**THE TASK**
The full text of the records below, minus any pictures, should be given back word for word.

RECORD EXTRACTS START

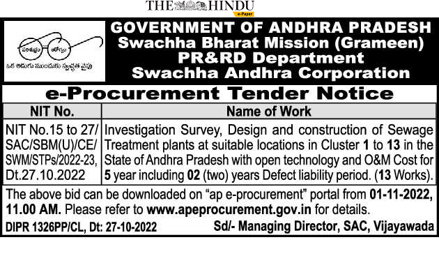 Tender for Investigation Survey, Design and construction of Sewage Treatment plants at suitable locations in Cluster 1 to 13 in the State of Andhra Pradesh with open technology and O&M Cost for 5 year including 02 (two) years Defect liability period. (13 Works).
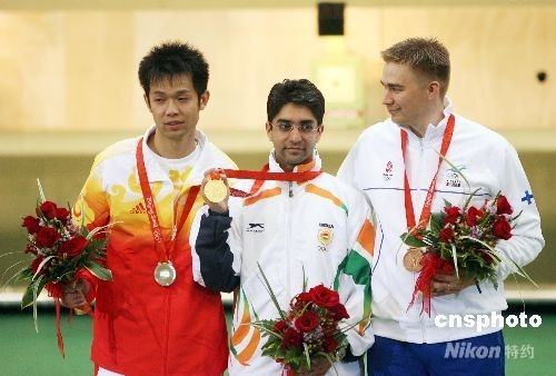 8月11日,印度選手賓德拉以700.5環(huán)奪得北京奧運會男子10米氣步槍金牌。這也是印度獲得的第一枚奧運會個人項目金牌。中新社發(fā) 武仲林 攝
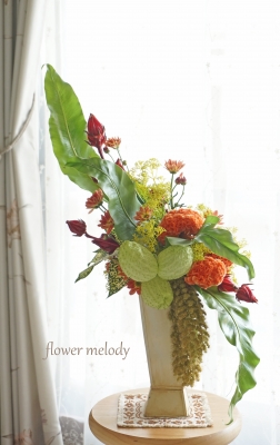 by kazuko.i 長い夏休みもあっという間に終わり 今日から通常レッスン再開しました。 久しぶりで、前日からひそかにちょっとだけ緊張感。 やはり、人間ある程度の緊張感は日々必要ですね・・・ でないと、歳とともに頭も体もなまってしまいそうです(^^;) まずは、とっても難しいホガース型。 S字曲線型です。 おまけに、ケイトウ、フウセントウワタ、ベニアオイ、アワ そしてタニワタリ・・・と、難しい花材ばかりでしたが とても上手にアレン...
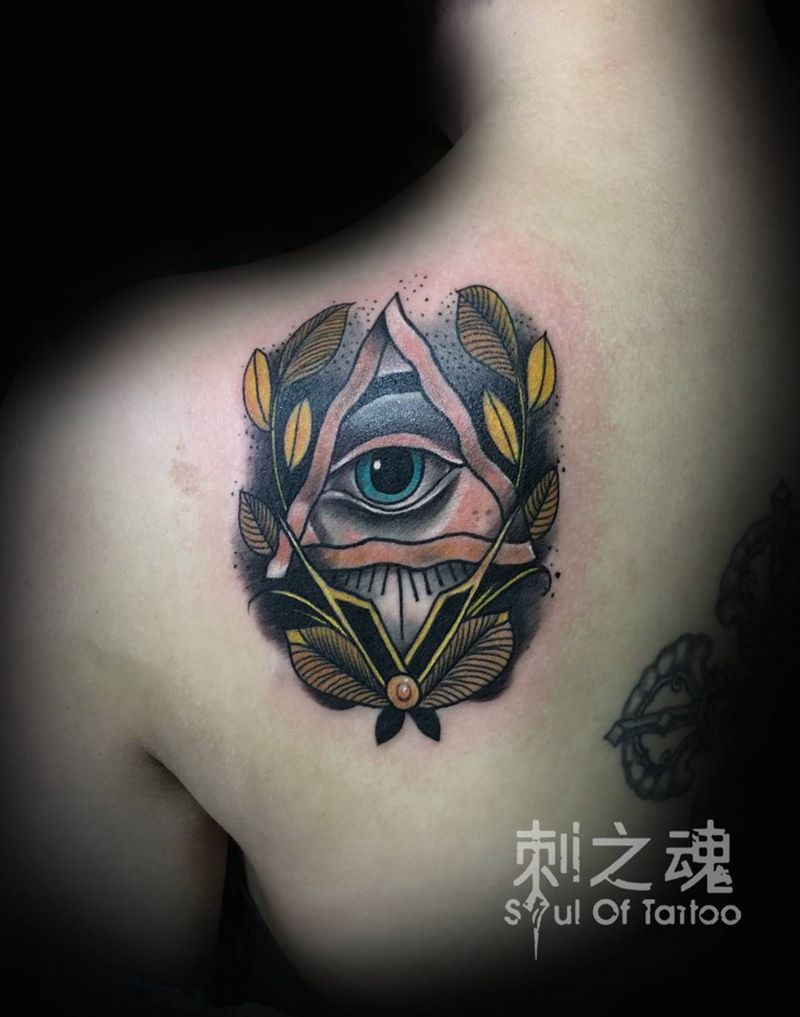 当前位置: 首页 >天津市纹身店-刺之魂艺术纹身纹身图案>上帝之眼纹身图片_成品肩部传统写实宗教原创纹身图案
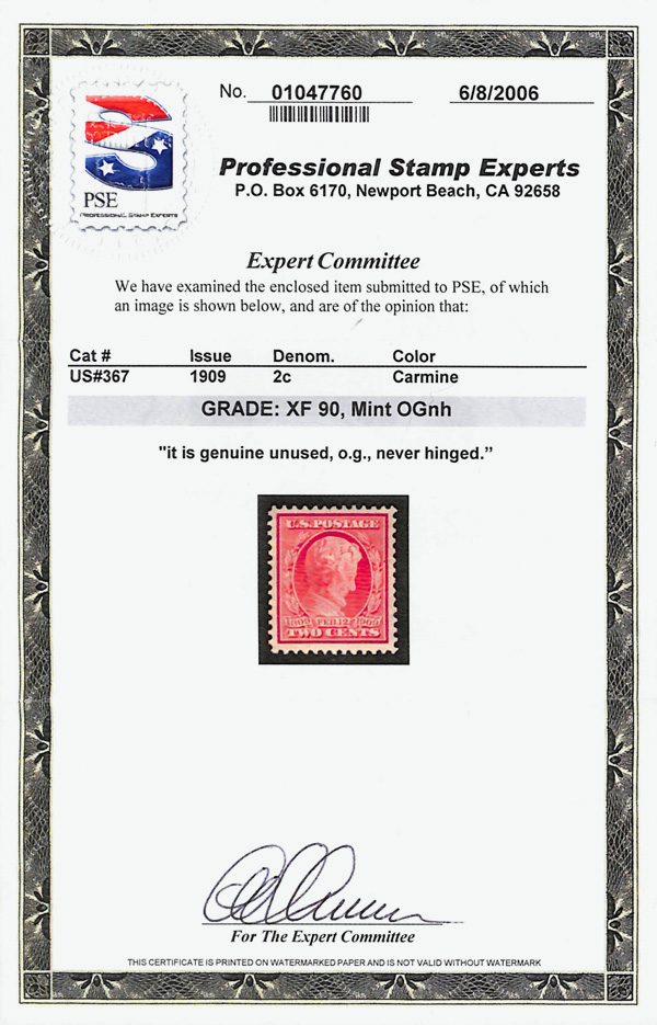 6033 nh 367 image1909, 2¢ Lincoln (Scott 367), o.g., never hinged, Extremely Fine, with 2006 P.S.E. certificate graded XF 90.
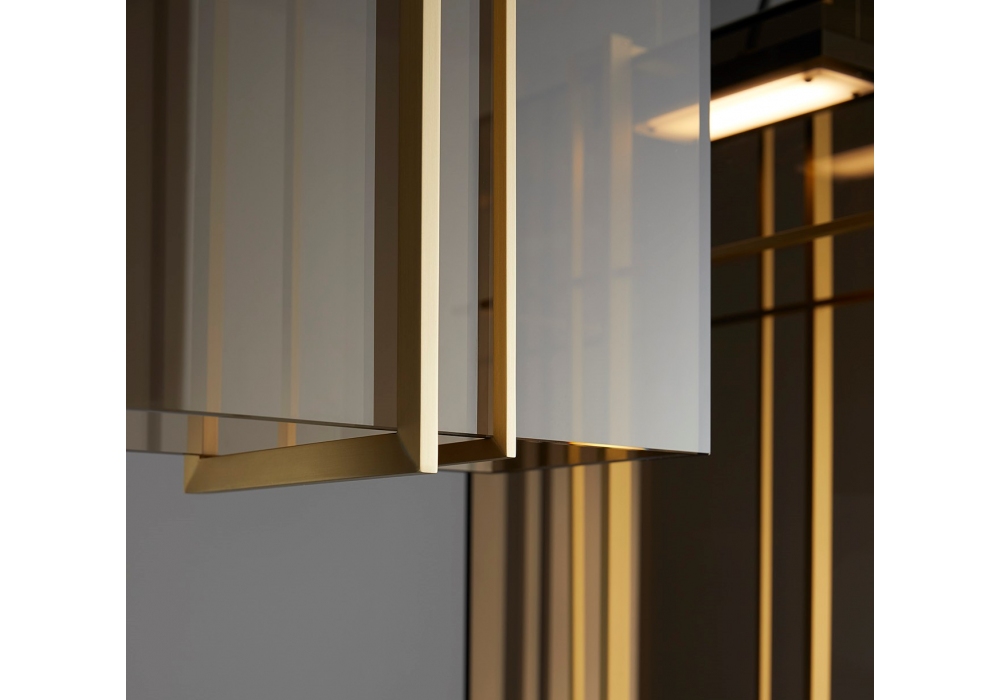 Utmost designed by Massimo Tonetto for Venicem is a suspension lamp with indirect light. Light burnished brass structure with bronze transparent glass diffuser.
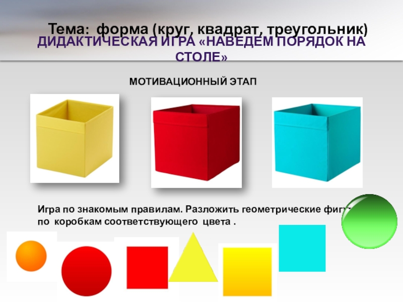 Игра по знакомым правилам. Разложить геометрические фигуры по коробкам соответствующего цвета .
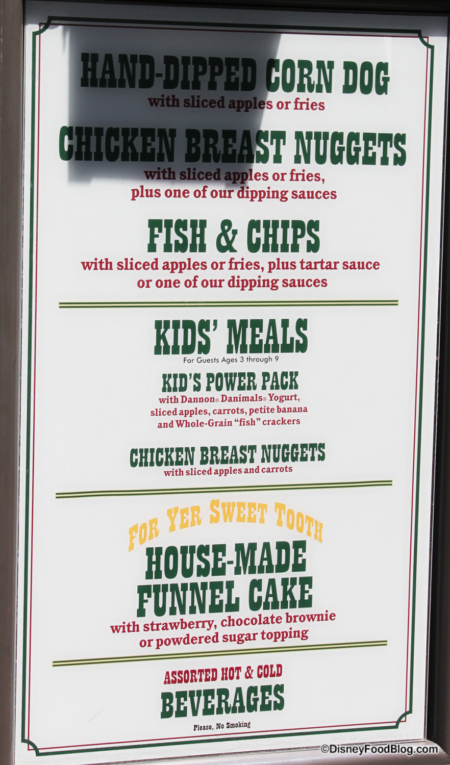 Now, when it comes to eats, Stage Door Cafe does very few things… but it does them all well! You can see the menu has only three entrees: two Disney Parks standards — Fish & Chips and Chicken Breast Nuggets — and one Disneyland specialty: the Hand-dipped Corn Dog! (This spot does share a kitchen with the Golden Horseshoe, so many of the menu items will be the same.)
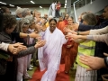 On all three days, the program hall filled to capacity. Each time Amma entered and left the hall, the crowd erupted in sustained applause and cheers that seemed to never end. The tone had really been set on that first night, and throughout Amma’s stay there, Malpensa Fiere became like a festival of joy. It was not an entirely Italian festival – there was a huge contingent from Greece, and in addition to participating fully in the program, they brought a Greek flavor to the event, enthralling the crowd with an offering of their own singing and instrumental performances.
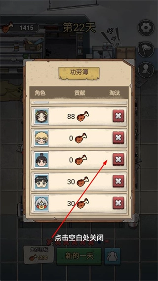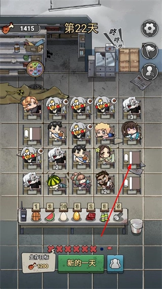 不用手动去收集资源,只要点击“新的一天”就能自动积攒物资,生存进度的推进完全是轻量化的,策略性的操作只聚焦在“角色淘汰和招募”这个环节,很符合休闲玩家的操作习惯。
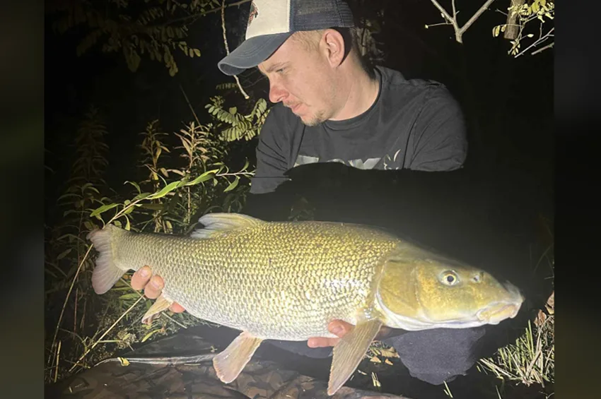 20 milliméteres, tintahal–polip–barack ízesítésű bojlival horgászott. Éjfél után nem sokkal erőteljes kapásra ébredt, és sietve futott a bothoz. Mivel a hal folyamatosan húzta a szereléket, biztosra vette, hogy egy ponty küzd a túloldalon.
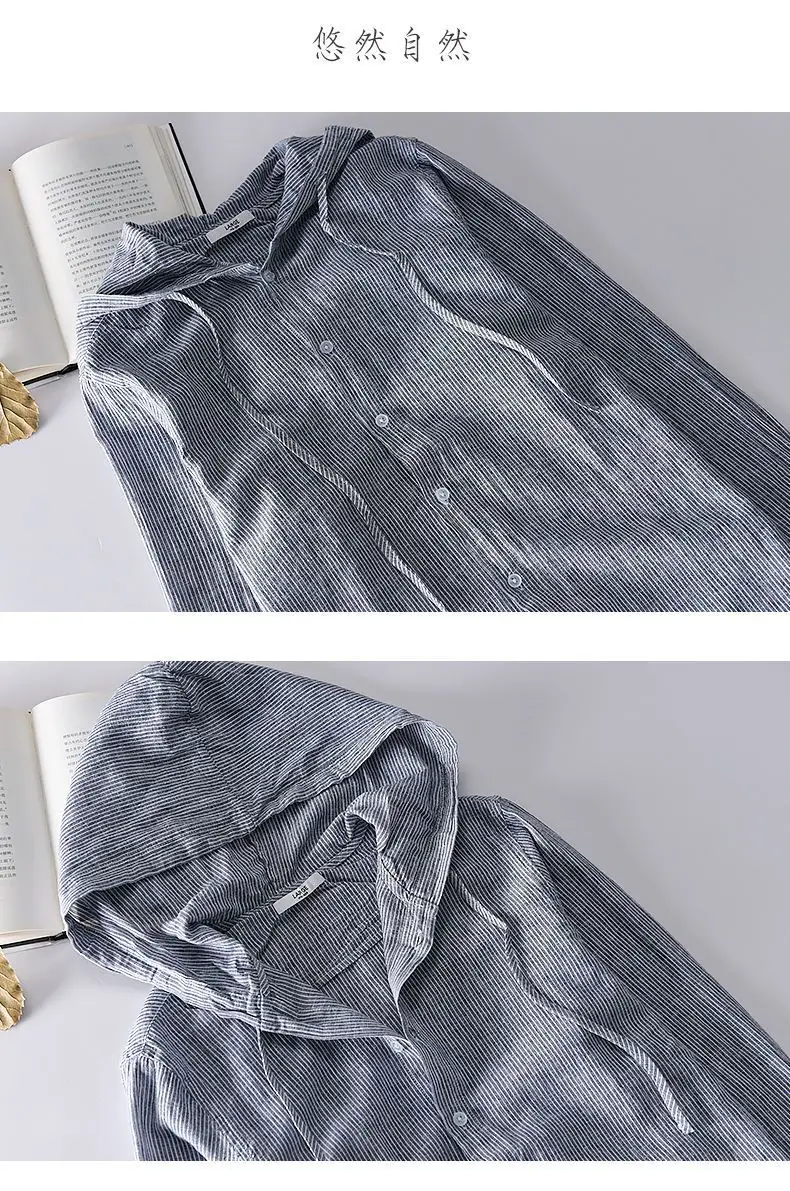 2024 Spring Summer New Solid Color Hooded Long Sleeve Cotton Hemp Shirt Man High Street Loose Casual Button All-match Cardigan
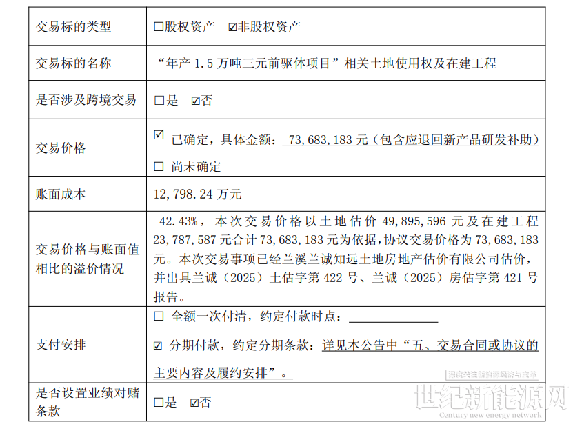 根据协议,兰溪开发区管委会将有偿收回公司位于光膜小镇创新大道北侧、经三路东侧的土地及房屋(含建筑(构)物、附属设施),即“年产1.5万吨三元前驱体项目”所涉土地使用权及在建工程。交易总金额为7368.32万元,其中包含需退回的“新产品研发补助”2000万元,抵扣后实际成交金额为5368.32万元。
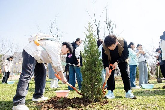 在植树现场,师生们分工协作、默契配合,扶苗、培土、浇水,每一个环节都井然有序、一丝不苟。大家亲手栽下一株株树苗,为校园增添盎然生机。活动中,师生们为树苗悬挂专属纪念铭牌,写下对学院二十周年华诞的真挚祝福,将爱校荣校情怀与绿色环保理念融入每一株新苗之中。此次栽种的二十周年纪念树,既是对学院二十年办学历程的致敬,也象征着学院未来发展生生不息、枝繁叶茂。
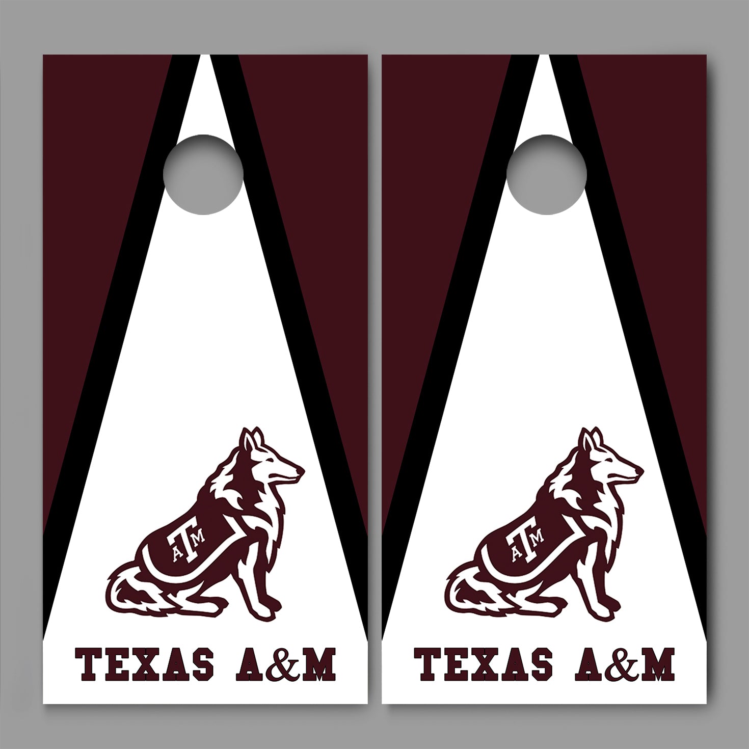 Texas A & M White Dog Triangle Design 02 Corn hole Board Decal Wrap

RECORD EXTRACTS END

**RESPONSE TO THIS TASK**
 Tender for Investigation Survey, Design and construction of Sewage Treatment plants at suitable locations in Cluster 1 to 13 in the State of Andhra Pradesh with open technology and O&M Cost for 5 year including 02 (two) years Defect liability period. (13 Works).
 8月11日,印度選手賓德拉以700.5環(huán)奪得北京奧運會男子10米氣步槍金牌。這也是印度獲得的第一枚奧運會個人項目金牌。中新社發(fā) 武仲林 攝
 by kazuko.i 長い夏休みもあっという間に終わり 今日から通常レッスン再開しました。 久しぶりで、前日からひそかにちょっとだけ緊張感。 やはり、人間ある程度の緊張感は日々必要ですね・・・ でないと、歳とともに頭も体もなまってしまいそうです(^^;) まずは、とっても難しいホガース型。 S字曲線型です。 おまけに、ケイトウ、フウセントウワタ、ベニアオイ、アワ そしてタニワタリ・・・と、難しい花材ばかりでしたが とても上手にアレン...
 当前位置: 首页 >天津市纹身店-刺之魂艺术纹身纹身图案>上帝之眼纹身图片_成品肩部传统写实宗教原创纹身图案
 6033 nh 367 image1909, 2¢ Lincoln (Scott 367), o.g., never hinged, Extremely Fine, with 2006 P.S.E. certificate graded XF 90.
 Utmost designed by Massimo Tonetto for Venicem is a suspension lamp with indirect light. Light burnished brass structure with bronze transparent glass diffuser.
 Игра по знакомым правилам. Разложить геометрические фигуры по коробкам соответствующего цвета .
 Now, when it comes to eats, Stage Door Cafe does very few things… but it does them all well! You can see the menu has only three entrees: two Disney Parks standards — Fish & Chips and Chicken Breast Nuggets — and one Disneyland specialty: the Hand-dipped Corn Dog! (This spot does share a kitchen with the Golden Horseshoe, so many of the menu items will be the same.)
 On all three days, the program hall filled to capacity. Each time Amma entered and left the hall, the crowd erupted in sustained applause and cheers that seemed to never end. The tone had really been set on that first night, and throughout Amma’s stay there, Malpensa Fiere became like a festival of joy. It was not an entirely Italian festival – there was a huge contingent from Greece, and in addition to participating fully in the program, they brought a Greek flavor to the event, enthralling the crowd with an offering of their own singing and instrumental performances.
 不用手动去收集资源,只要点击“新的一天”就能自动积攒物资,生存进度的推进完全是轻量化的,策略性的操作只聚焦在“角色淘汰和招募”这个环节,很符合休闲玩家的操作习惯。
 20 milliméteres, tintahal–polip–barack ízesítésű bojlival horgászott. Éjfél után nem sokkal erőteljes kapásra ébredt, és sietve futott a bothoz. Mivel a hal folyamatosan húzta a szereléket, biztosra vette, hogy egy ponty küzd a túloldalon.
 2024 Spring Summer New Solid Color Hooded Long Sleeve Cotton Hemp Shirt Man High Street Loose Casual Button All-match Cardigan
 根据协议,兰溪开发区管委会将有偿收回公司位于光膜小镇创新大道北侧、经三路东侧的土地及房屋(含建筑(构)物、附属设施),即“年产1.5万吨三元前驱体项目”所涉土地使用权及在建工程。交易总金额为7368.32万元,其中包含需退回的“新产品研发补助”2000万元,抵扣后实际成交金额为5368.32万元。
 在植树现场,师生们分工协作、默契配合,扶苗、培土、浇水,每一个环节都井然有序、一丝不苟。大家亲手栽下一株株树苗,为校园增添盎然生机。活动中,师生们为树苗悬挂专属纪念铭牌,写下对学院二十周年华诞的真挚祝福,将爱校荣校情怀与绿色环保理念融入每一株新苗之中。此次栽种的二十周年纪念树,既是对学院二十年办学历程的致敬,也象征着学院未来发展生生不息、枝繁叶茂。
 Texas A & M White Dog Triangle Design 02 Corn hole Board Decal Wrap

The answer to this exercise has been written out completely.